‘Tenacious’ Pombo’s portrait to look over committee

By Robin Bravender | 07/29/2015 07:19 AM EDT

Richard Pombo — an ex-congressman adored by industry and reviled by greens — will now loom large over the House Natural Resources Committee’s hearing room.

Richard Pombo — an ex-congressman adored by industry and reviled by greens — will now loom large over the House Natural Resources Committee’s hearing room.

The portrait of the former California GOP lawmaker, who led the committee for a stint during the George W. Bush administration, was unveiled last night in a ceremony in the Longworth House Office Building. Pombo’s likeness will join those of a host of other former chairmen adorning the room.

GOP lawmakers and former Pombo staffers were among the dozens of people who gathered last night at the ceremonial unveiling. Attendants were treated to beer and California wine and hors d’oeuvres including meatballs, chicken skewers and egg rolls.

Advertisement
Pombo portrait
Former House Resources Chairman Richard Pombo (R-Calif.) at the unveiling of his official portrait on Capitol Hill last night. | Photo by Elizabeth Farnsworth.

House Speaker John Boehner (R-Ohio) recalled Pombo being "tenacious" when he was first running for Congress.

"He won the seat and got here and was just as tenacious," Boehner said. Even as Pombo was preparing to leave the House, Boehner recalled, "He was going out the door, and here he was on the floor of the House pushing for drilling on the outer continental shelf." Some of his colleagues were packing up, but "not Pombo, he’s still pushing until the last moment."

Rep. Devin Nunes (R-Calif.), chairman of the House Select Committee on Intelligence, remembered getting a call from Pombo a few months into his first term as a congressman. Pombo rang Nunes at home and said he needed to join a trip to Alaska.

When Nunes got on the plane, he realized it was "me, the lady from Guam, [Montana GOP Rep.] Denny Rehberg and like nobody else." They landed on Alaska’s North Slope and the tires had frozen, Nunes said. That was a testament to Pombo’s commitment, he added. "Nobody wanted to go up there, but you were willing to go up there. You conducted real hearings, made the point."

Natural Resources Chairman Rob Bishop (R-Utah) also praised his former colleague, joking, "You have to be nice to me because I still get to decide where this is actually hung."

Reflecting on his tenure yesterday, Pombo said, "We went to war over this. We knew going in we were outmanned, we were outgunned, but we were going to fight and we were going to do what was right."

Pombo wanted the portrait to be casual, he said, "because that’s me." Perched on the edge of a desk, Pombo sports a button-down shirt without a tie and has a hat in hand. Featured with him in the portrait are longhorns, the Shasta Dam, a logging truck, an oil rig and a blanket that was given to him by a tribal chairman.

"To me, that embodies what the committee was and it embodies all the work that we did over the years," he said.

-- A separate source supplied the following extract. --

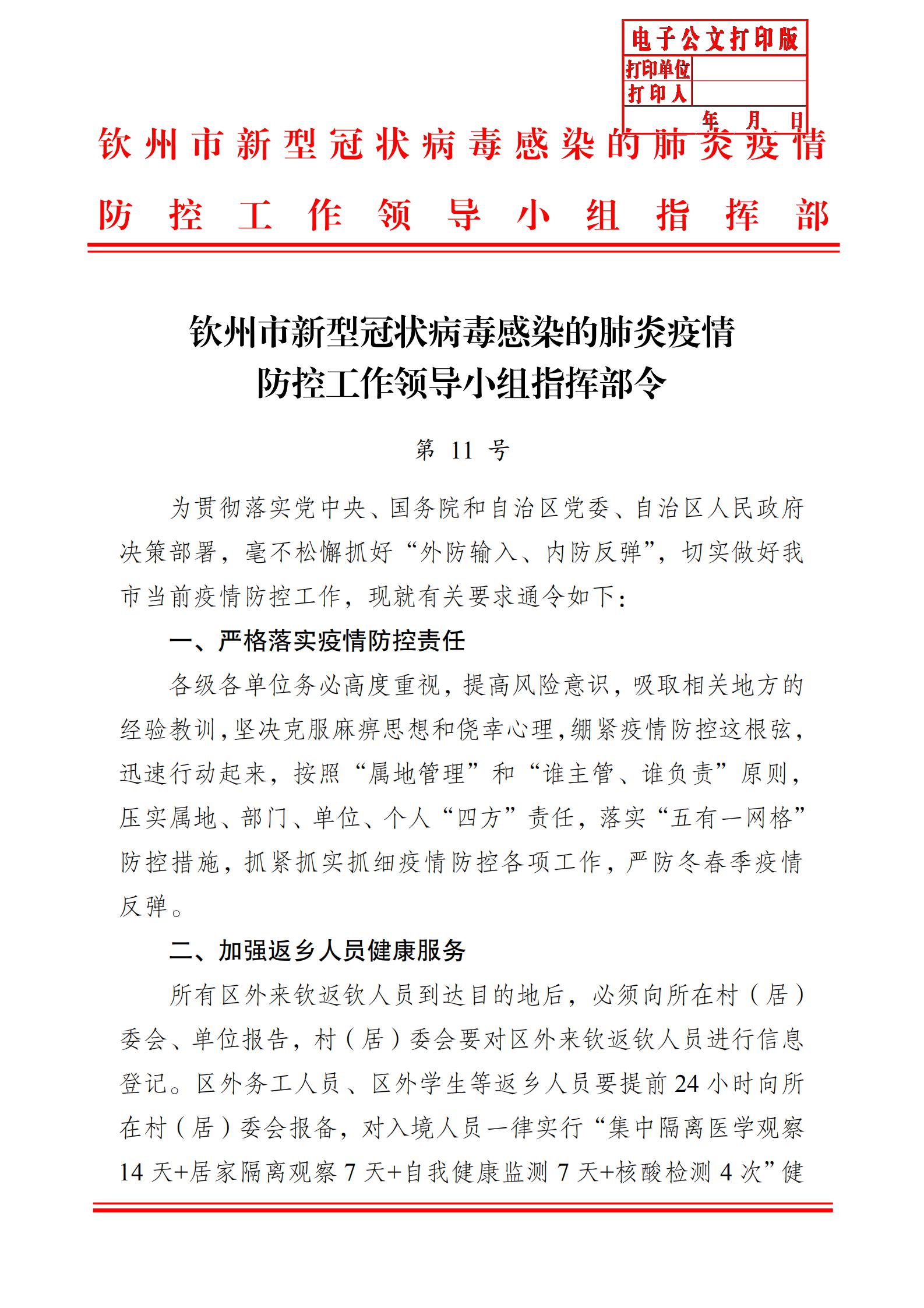 欽州市新型冠狀病毒感染的肺炎疫情防控工作領導小組指揮部令(第11號)

Pombo was elected to Congress in 1992 and held the gavel of the Natural Resources panel (then known as the Resources Committee) from 2003 until he was ousted in the 2006 election.

Green groups were central in the effort to defeat Pombo in 2006. Environmentalists waged attacks on the industry champion, and he lost his seat to Rep. Jerry McNerney (D-Calif.).

While in Congress, Pombo enraged conservationists by proposing legislation to sell roughly a quarter of the land managed by the National Park Service, pushing to loosen restrictions on the sale of federal lands to mining companies, backing drilling in the Arctic National Wildlife Refuge and attempting to amend the Endangered Species Act. The Sierra Club dubbed him an "eco-thug."

He was also accused of billing the federal government for family travels to national parks and was tied to disgraced former D.C. lobbyist Jack Abramoff.

Pombo is now a partner at D.C. lobbying firm Gavel Resources LLC, where his clients include Xcel Energy Inc., the Northern California Power Agency and Cadiz Inc., a California-based land and water resource development company, according to public disclosures.

He previously lobbied for Sellery Associates Inc. after losing a bid to return to Congress in 2010 (E&E Daily, June 27, 2012).

Pombo’s portrait hanging comes as lawmakers in both chambers of Congress have attempted to halt the practice of using taxpayer cash to fund expensive portraits of government officials. The professional paintings can be pricey — often topping $20,000. But the government doesn’t pay for portraits of House chairmen. Instead, it’s common for lobbyists and undisclosed private donors to chip in for the paintings.